From rosuav at gmail.com  Sat Apr 28 23:14:54 2018
From: rosuav at gmail.com (Chris Angelico)
Date: Sun, 29 Apr 2018 13:14:54 +1000
Subject: [Python-ideas] Sublocal scoping at its simplest
Message-ID: 

There's been a lot of talk about sublocal scopes, within and without
the context of PEP 572. I'd like to propose what I believe is the
simplest form of sublocal scopes, and use it to simplify one specific
special case in Python.

There are no syntactic changes, and only a very slight semantic change.

def f():
    e = 2.71828
    try:
        1/0
    except Exception as e:
        print(e)
    print(e)
f()

The current behaviour of the 'except... as' statement is as follows:

1) Bind the caught exception to the name 'e', replacing 2.71828
2) Execute the suite (printing "Division by zero")
3) Set e to None
4) Unbind e

Consequently, the final print call raises UnboundLocalError. I propose
to change the semantics as follows:

1) Bind the caught exception to a sublocal 'e'
2) Execute the suite, with the reference to 'e' seeing the sublocal
3) Set the sublocal e to None
4) Unbind the sublocal e

At the unindent, the sublocal name will vanish, and the original 'e'
will reappear. Thus the final print will display 2.71828, just as it
would if no exception had been raised.

The above definitions would become language-level specifications. For
CPython specifically, my proposed implementation would be for the name
'e' to be renamed inside the block, creating a separate slot with the
same name.

With no debates about whether "expr as name" or "name := expr" or
"local(name=expr)" is better, hopefully we can figure out whether
sublocal scopes are themselves a useful feature :)

ChrisA

From rosuav at gmail.com  Sat Apr 28 23:36:31 2018
From: rosuav at gmail.com (Chris Angelico)
Date: Sun, 29 Apr 2018 13:36:31 +1000
Subject: [Python-ideas] A "local" pseudo-function
In-Reply-To: <20180429025005.GB7400@ando.pearwood.info>
References: 
 <20180428093334.GU7400@ando.pearwood.info>
 
 <20180429025005.GB7400@ando.pearwood.info>
Message-ID: 

On Sun, Apr 29, 2018 at 12:50 PM, Steven D'Aprano  wrote:
> On Sat, Apr 28, 2018 at 12:16:16PM -0500, Tim Peters wrote:
>> [Steven D'Aprano ]
>> > Chris' PEP 572 started off with the concept that binding expressions
>> > would create a "sub-local" scope, below function locals. After some
>> > debate on Python-Ideas, Chris, Nick and Guido took the discussion off
>> > list and decided to drop the sub-local scope idea as confusing and hard
>> > to implement.
>>
>> Enormously harder to implement than binding expressions, and the
>> latter (to my eyes) capture many high-value use cases "good enough".
>
> And yet you're suggesting an alternative which is harder and more
> confusing. What's the motivation here for re-introducing sublocal
> scopes, if they're hard to do and locals are "good enough"?
>
> That's not a rhetorical question: why have you suggested this sublocal
> scoping idea? PEP 572 stopped talking about sublocals back in revision 2
> or so, and as far as I can see, *not a single objection* since has
> been that the variables weren't sublocal.
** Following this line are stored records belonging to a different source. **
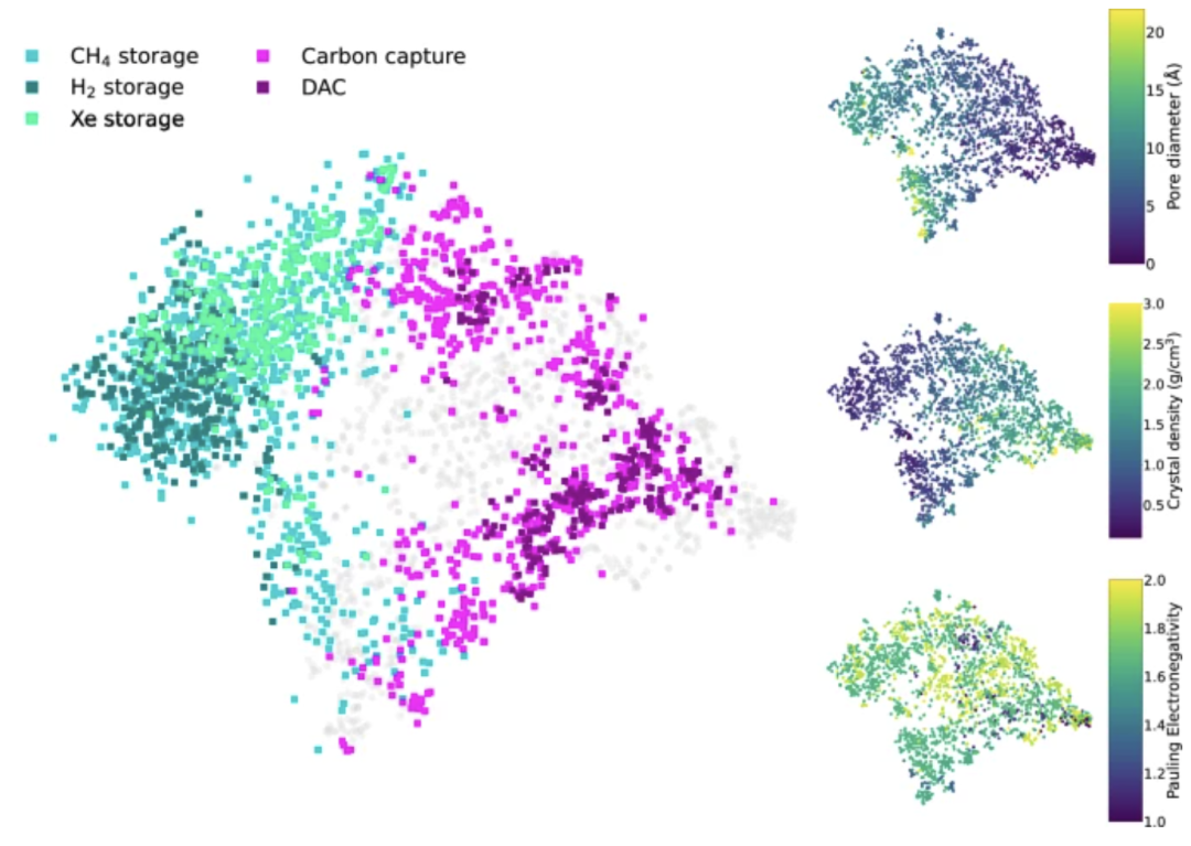 Based on the model's impressive performance, researchers developed a visual potential application recommendation system that matches newly synthesized MOFs with potential applications (such as gas storage and carbon capture) based on predicted material properties. Using t-SNE technology, the system projects the modal model's latent space and uses color to represent the recommended applications for MOFs. The following figure illustrates the mapping of synthesis information to application scenarios:
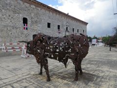 Lors de notre seconde visite à la capitale, nous passons un long moment dans le musée des Casas Reales qui retrace bien la découverte de cette île par Colomb. Isabella a été la première bourgade au nord de l'île mais à son second voyage, Colomb n'y a retrouvé que des cendres et des cadavres. Il a alors fondé La Navidad, toujours au nord mais c'est au sud, à St-Domingue, que s'est vraiment développée la colonie avec la première maison en dur (maison de la Corde), le premier hôpital, la première rue digne de ce nom (Calle de las Damas), la première cathédrale... et j'en passe ! De St-Domingue sont parties ensuites d'autres expéditions pour découvrir les îles et terres voisines.
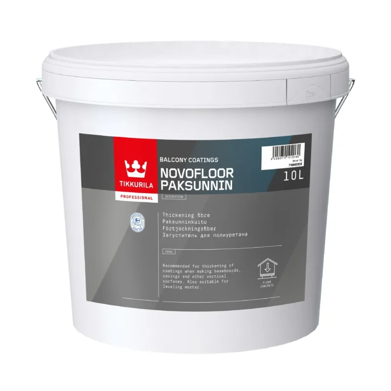 Paksunninkuitu, jota käytetään Novofloor- ja Temafloor-pinnoitteiden paksuntamiseen, kun tehdään jalkalistoja, otsapintoja ja muita pystypintoja. Ei muuta pinnoitteen värisävyä.
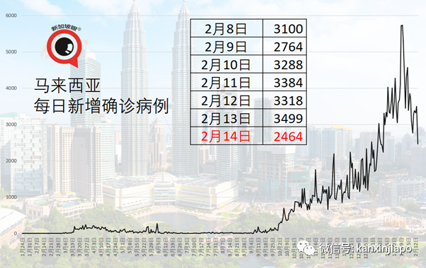 2月14日,马来西亚新增2464起确诊病例,六天内第二次降至“2”字头,也是1月11日以来的单日新低。马来西亚累计确诊26万4269起。
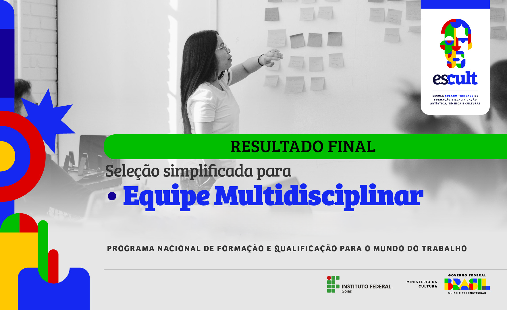 O Instituto Federal de Goiás (IFG), por meio do Centro de Formação e Educação a Distância (CEFOR/EaD), publicou o resultado final do processo de seleção simplificada para equipe multidisciplinar. Os selecionados irão atuar no “Programa Nacional de Formação e Qualificação para o Mundo do Trabalho em Cultura”, um projeto do Ministério da Cultura em parceria com o IFG. Confira aqui o resultado.

No objections, per se, but I do know a number of people were saddened
at their loss. And it's not like eliminating sublocals solved problems
without creating more; it's just a different set of trade-offs.
Sublocals have their value.

>> It was also the case that nesting scopes _at all_ was very
>> controversial in Python's earliest years, and Guido resisted it
>> mightily (with my full support).  The only scopes at first were
>> function-local, module-global, and builtin, and while functions could
>> _textually_ nest, they had no access to enclosing local scopes.
>
> While I started off with Python 1.5, I wasn't part of the discussions
> about nested scopes. But I'm astonished that you say that nested scopes
> were controversial. *Closures* I would completely believe, but mere
> lexical scoping? Astonishing.

I'm not sure how you can distinguish them:

> This behaviour in Python 1.5 made functions MUCH less useful:
>
>
>>>> def outer():
> ...     x = 1
> ...     def inner():
> ...             return x
> ...     return inner()
> ...
>>>> outer()
> Traceback (innermost last):
>   File "", line 1, in ?
>   File "", line 5, in outer
>   File "", line 4, in inner
> NameError: x
>
>
> I think it is fair to say that inner functions in Python 1.5 were
> crippled to the point of uselessness.

What you expect here is lexical scope, yes. But if you have lexical
scope with no closures, the inner function can ONLY be used while its
calling function is still running. What would happen if you returned
'inner' uncalled, and then called the result? How would it resolve the
name 'x'? I can't even begin to imagine what lexical scope would do in
the absence of closures. At least, not with first-class functions. If
functions aren't first-class objects, it's much easier, and a nested
function serves as a refactored block of code. But then you can't even
pass a nested function to a higher order function.

ChrisA

From tim.peters at gmail.com  Sun Apr 29 00:20:52 2018
From: tim.peters at gmail.com (Tim Peters)
Date: Sat, 28 Apr 2018 23:20:52 -0500
Subject: [Python-ideas] A "local" pseudo-function
In-Reply-To: <20180429025005.GB7400@ando.pearwood.info>
References: 
 <20180428093334.GU7400@ando.pearwood.info>
 
 <20180429025005.GB7400@ando.pearwood.info>
Message-ID: 

[Tim]
>> Enormously harder to implement than binding expressions, and the
>> latter (to my eyes) capture many high-value use cases "good enough".

[Steven D'Aprano ]
> And yet you're suggesting an alternative which is harder and more
> confusing.

I am?  I said at the start that it was a "brain dump".  It was meant
to be a point of discussion for anyone interested.  I also said I was
more interested in real use cases from real code than in debating, and
I wasn't lying about that ;-)

Since no real new use cases (let alone compelling ones) have turned up
yet, I'm ready to drop it for now.


> What's the motivation here for re-introducing sublocal
> scopes, if they're hard to do and locals are "good enough"?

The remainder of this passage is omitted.